How to accelerate learning and get unstuck (practical habits)
- Debug surgically: reproduce the bug in a minimal snippet. If your prototype fails, extract the failing class into a tiny file and run it in Node. That isolates causes fast.
- Get faster feedback: run code often. Short edit → run cycles teach more than long reading sessions.
- Use linting & static checks: ESLint catches typos and inconsistent naming early.
- Read canonical docs: MDN for language parts (https://developer.mozilla.org/en-US/docs/Web/JavaScript/Guide/Working_with_objects), and a patterns chapter (https://www.oreilly.com/library/view/learning-javascript-design/9781491904261/ch01.html) for architecture.
- Use targeted practice: do OOP katas (class design, inheritance, composition), then turn them into tiny features in your app.
- Ask AI effectively: include minimal reproducible code, describe expected vs actual behavior, and paste exact error messages. Use AI to get hints, then implement and test locally.
- Peer review / pair programming: someone else scanning your code finds naming inconsistencies quickly.
- Build tests: even simple assertion checks for
UserandCoursebehaviors prevent regressions. - Prefer iterative refactors: small, tested changes beat big rewrites.
If you want a focused exercise right now: take the User / Student / Teacher classes, extract them into a separate file, and write three assertions: creating a student sets userType === 'student', id is defined and unique after three creations, and getInfo() returns a readable string.
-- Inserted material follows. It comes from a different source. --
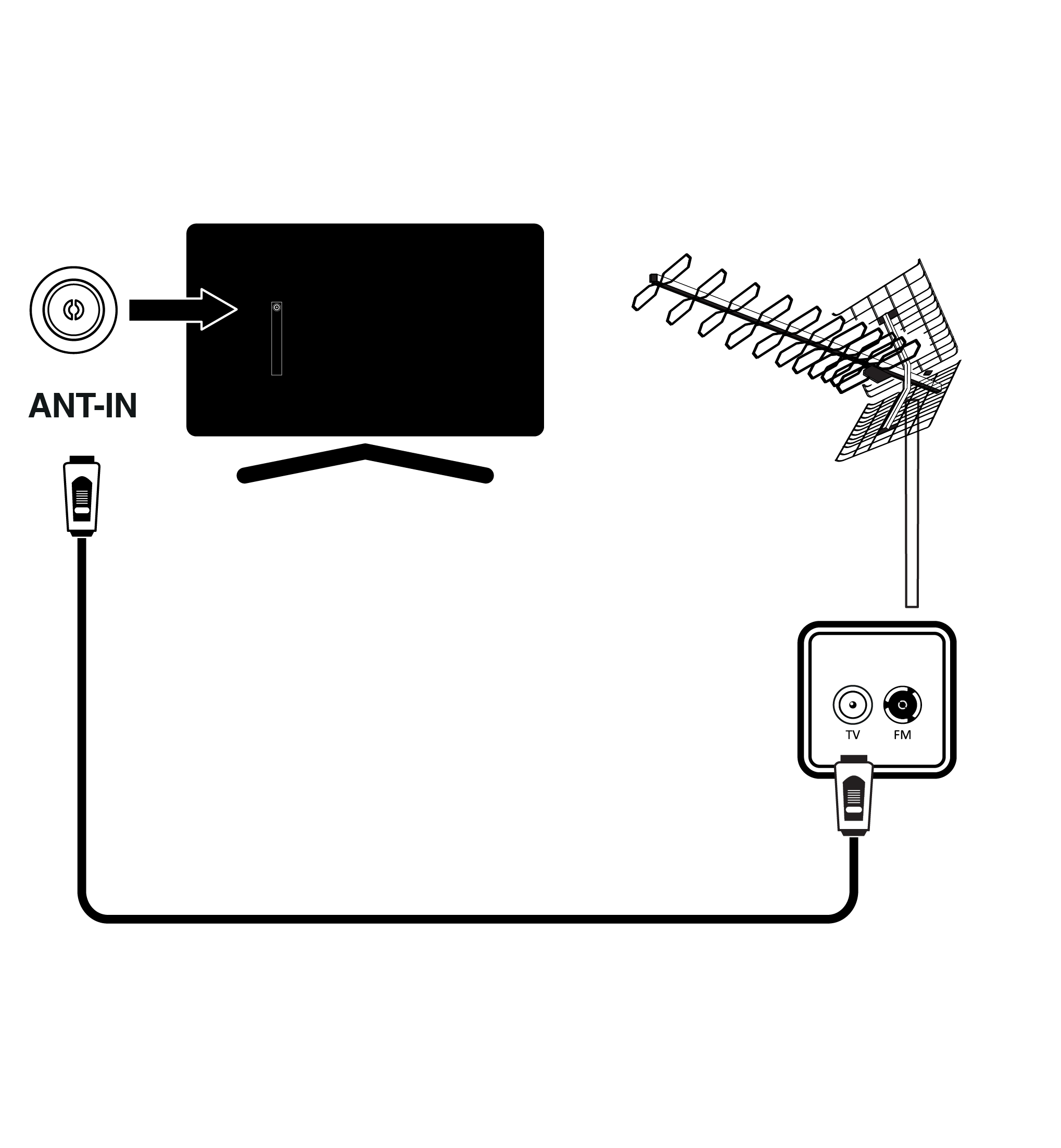 - To receive terrestrial digital channels (DVB- T), Digital cable channels (DVB-C) or Analogue broadcast channels, connect the antenna cable to the ANT IN socket on the television set.

That single exercise covers constructors, methods, and your ID generator.
Sources
- https://www.freecodecamp.org/news/how-long-does-it-take-to-learn-javascript/
- https://www.codecademy.com/resources/blog/how-long-to-learn-javascript/
- https://www.geeksforgeeks.org/how-long-does-it-take-to-learn-javascript/
- https://www.w3schools.com/js/js_oop_intro.asp
- https://www.educative.io/answers/how-long-does-it-take-to-learn-javascript
- https://developer.mozilla.org/en-US/docs/Web/JavaScript/Guide/Working_with_objects
- https://www.oreilly.com/library/view/learning-javascript-design/9781491904261/ch01.html
Conclusion
Your javascript обучение and изучение javascript progress is on track. Hitting OOP confusion and tiny runtime bugs after 20–25 hours (with 30 hours of Python before that) is normal — actually a healthy signal that you’re pushing into the right, harder territory. Keep doing short read → implement → debug cycles, apply the concrete fixes above, and follow the weekly roadmap: consistent practice plus deliberate debugging will convert your current effort into reliable oop javascript skills within a few weeks to a few months.